Weeks later the Chicken Kings send in their catchers to grab up the birds, stuff them into crates, and load it all onto open trucks to haul across the county to the processing plant. What half dead birds don't succumb to the weather during the trip all end up dead in a few hours anyway, so no big deal. I would add that should you ever find yourself traveling in a rural chicken raising area and see one of these trucks, stay well away from it, as they are a veritable font of contaminated liquid chicken feces, which you can actually see as a kind of hazing fecal aura when they stop for a traffic signal - so God help the unknowing biker or convertible passengers that might follow too close or pull up alongside, and so much for all of that crap from the CDC on managing disease vectors. The great avian flu derived pandemic that supposedly has them all flumuxed will no doubt be spread by this 24/7 operation in support of "eat more chicken", but again, I digress.

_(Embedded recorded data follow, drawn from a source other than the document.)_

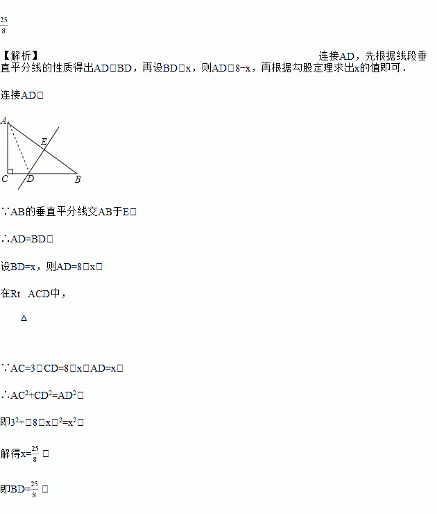 如图,△ABC中,∠C=90°,AC=3,BC=4,AB的垂直平分线交AB于E,交BC于D,求BD的长.
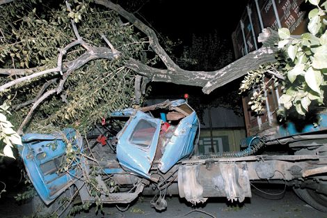 一旁,一個(gè)樹(shù)杈壓在貨車駕駛室上,使其嚴(yán)重變形,風(fēng)擋玻璃全部破碎。一棵直徑約0.8米的大樹(shù)倒在人行道上,樹(shù)根部已經(jīng)腐爛,樹(shù)冠將馬路占去了四分之三。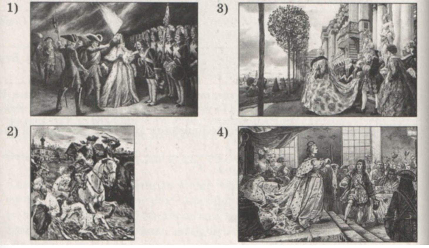 На какой из представленных иллюстраций изображена ситуация, связанная с воцарением двоюродной сестры императрицы Елизаветы Анны Иоанновны? В ответе запишите цифру, которой обозначена эта иллюстрация. Укажите название документа, которым Верховный тайный совет пытался ограничить власть этой императрицы.

So the plant processes the half-dead chickens and a tally is generated, which the farmer's intermediary, a sort of personal banker in reverse who works for the Chicken Kings, includes in his final settlement calculations. The farmer received X number of chicks, Y amount of company supplied feed, and now they're going to pay him for Z number of birds - all numbers that they alone control and concoct. The farmer has to take whatever they decide, and there is no appeal. Actually, again, if you mutter too loudly, well, see ya. Yeah, that's the best leverage of all, for the Chicken Kings that is. You see, even though the farmer still has a 20 year mortgage to pay on that giant building, along with the utility bills from the running of it, there is absolutely no guarantee that you'll ever get another flock. Best of all, the chicken companies have developed what they call a "tournament" styled bonus system, and basically, if you don't make bonus, you're lucky to break even on just the base value of whatever they feel like paying you for. This is a system where the top 50% of producers (according to all sorts of metrics that the company controls) are awarded a bonus payment that comes out of the bottom 50%'s money - it costs the company nothing, so your livelihood depends upon you out-performing your neighbor. Can't tell you how easy that makes farmers to manipulate and keep from ever organizing against the system.
Bitch about it or protest too loudly and you'll never see another bird, or, before ya know it the auctioneer is putting the hammer down on another great modern farming success story. We have them pretty regularly around here, but it's all good since that's what keeps feeding the need among the survivors to get even bigger. And what happens when you get so big that only one or two even bigger companies have the capacity to take your end product off of your hands? Well, you dance to whatever tune they play.
Sorry again for the TL;DR, but it's complicated, and that doesn't meld well with a world run on 280 character Tweets.
Thanks again for your thoughtful reply.